What is observability?
Observability is the ability to understand what your running service is doing from the outside, using the data it emits. It rests on three pillars: logs (what happened), metrics (how much and how fast), and traces (the path of one request across components).
Why it matters
In production you cannot attach a debugger to a live incident affecting users. Observability is what lets you answer "why is it slow?" or "which requests are failing?" in minutes. A service you cannot observe is one you cannot operate with confidence, and operations is half of backend work.
What to learn
- The three pillars: logs, metrics, traces
- Structured logging and what to include
- Key metrics: latency percentiles, error rate, throughput
- Distributed tracing and span context
- Dashboards and alerts that signal real problems
- The RED and USE methods for what to measure
- Avoiding alert fatigue
Common pitfall
Watching averages instead of percentiles. An average latency of 100ms can hide that 1% of users wait 5 seconds.

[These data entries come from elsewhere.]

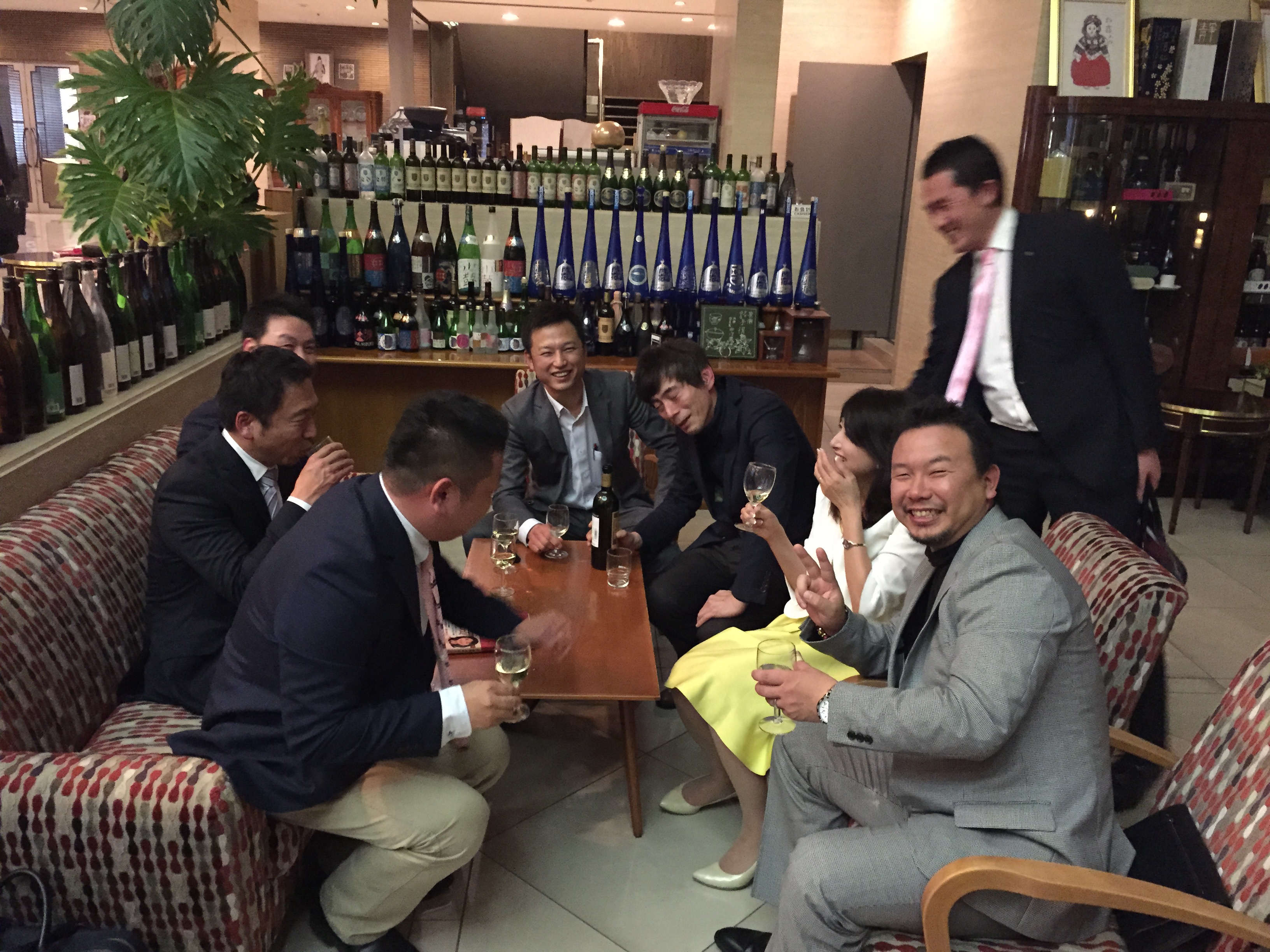懇親会二次会ではワインのボトルも登場し
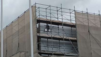 まだ全体がシートに覆われていますが、一部シートが外されたところから校章が見えてきました!
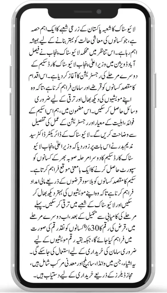 The main objective of the Chief Minister Punjab Livestock Card Scheme is to provide farmers with access to structured loans and regulated input supplies. Through this scheme, farmers can not only get the financial resources required to take care of their livestock, but they will also be provided with good-quality livestock feed and other essential supplies. This scheme will bring about many important changes in the lives of farmers. This scheme will not only help in improving their economic condition but will also increase the health and production of livestock, which is of utmost importance for the agricultural economy of the country.
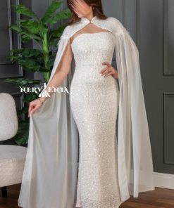 فستان سترابليس مطرز مع اورجنزا – فستان سترابليس مطرز مع اورجنزا
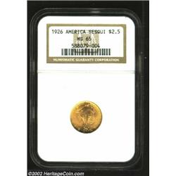 1926 $2 1/2 Sesquicentennial MS65 NGC. Smooth with fulsome mint frost and original orange and golden-rose coloration, this coin would do wonders for an advanced Commemorative gold collection. The present sale notwithstanding, the 1926 Sesquicentennial Quarter Eagle is a conditionally challenging issue that is typically offered in grades no finer than MS64. Important notice: We expect to be auctioning lots at the rate of 200-250 per hour. Sometimes eBay Premier live bid software cannot keep up with that pace, so we strongly recommend that you place a realistic proxy bid now as insurance to avoid disappointment. Also please note that all Heritage/CAA lots purchased through eBay Premier carry a 20% Buyer's Premium. Please make sure you read the Terms and Conditions.
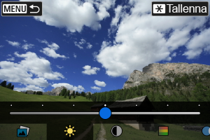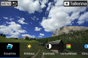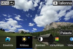 - Voit valita esimerkiksi [Kirkkaus]- tai [Kontrasti]-tehosteen painamalla
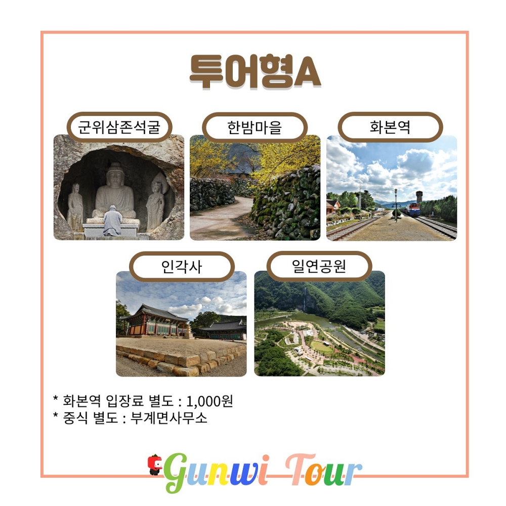 ※ 투어형 코스 1: 청라언덕역→동대구역→군위삼존석굴→한밤마을→부계면(중식)→화본역→인각사&군위댐,일연공원→동대구역→청라언덕역
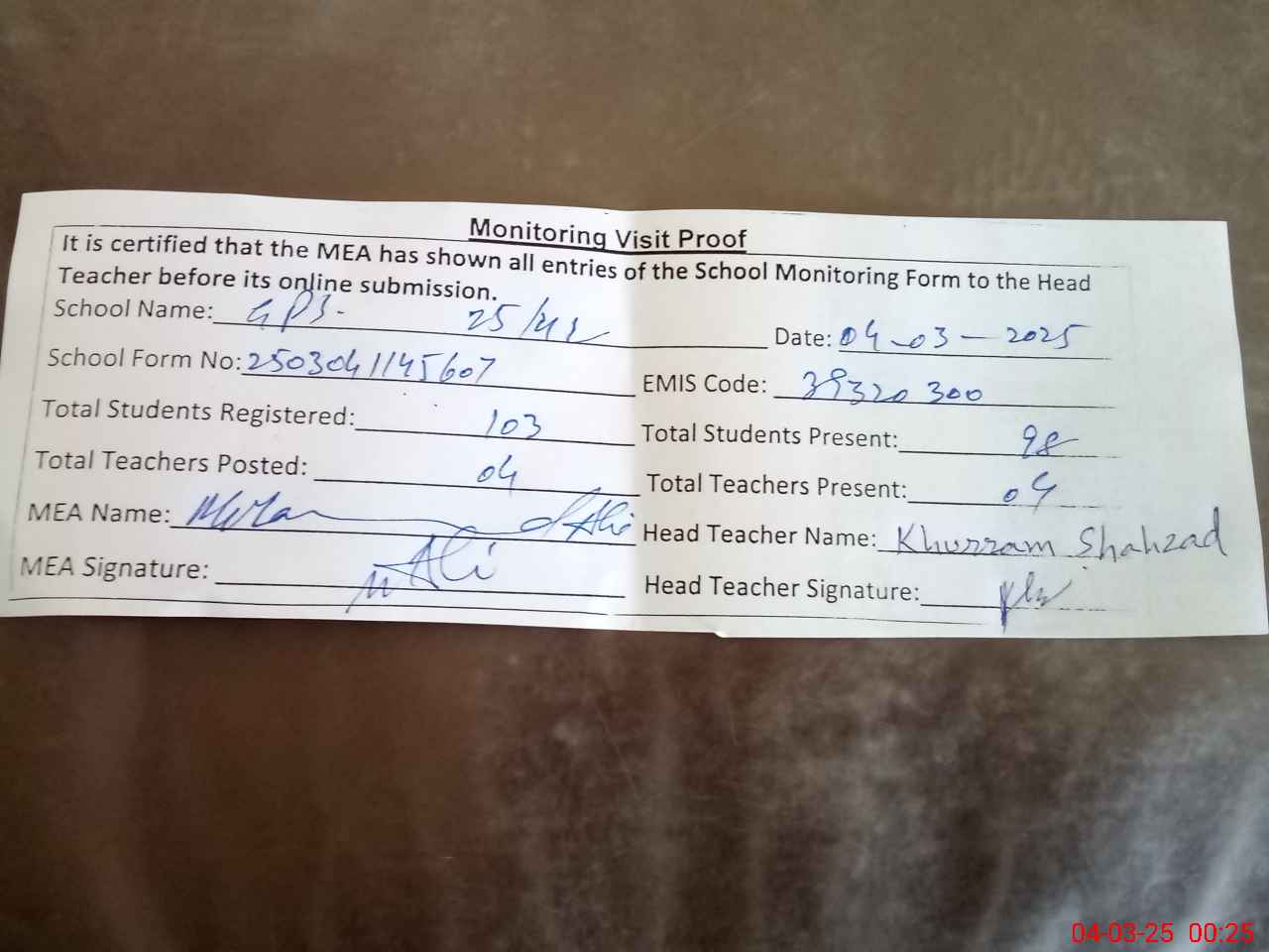 | Attendance Register | Head Teacher | MEA with School | Visit Proof |

Track p95 and p99, because the tail is where real users suffer and where the bugs that matter hide. Averages lie; percentiles tell the truth.
Resources
Primary (free):
- Google SRE — Monitoring distributed systems · docs
- OpenTelemetry — Documentation · docs
- Grafana — Introduction to observability · docs
Practice
Instrument your API to emit structured logs and a request-duration metric. Expose the metric, then compute the p95 latency under a little load with a benchmarking tool. Add a log line with a request id you can trace end to end. Done when you can report your p95 latency with a number.
Outcomes
- Explain the roles of logs, metrics, and traces.
- Track latency percentiles instead of averages.
- Trace a single request across components with span context.
- Set an alert that fires on a real problem, not noise.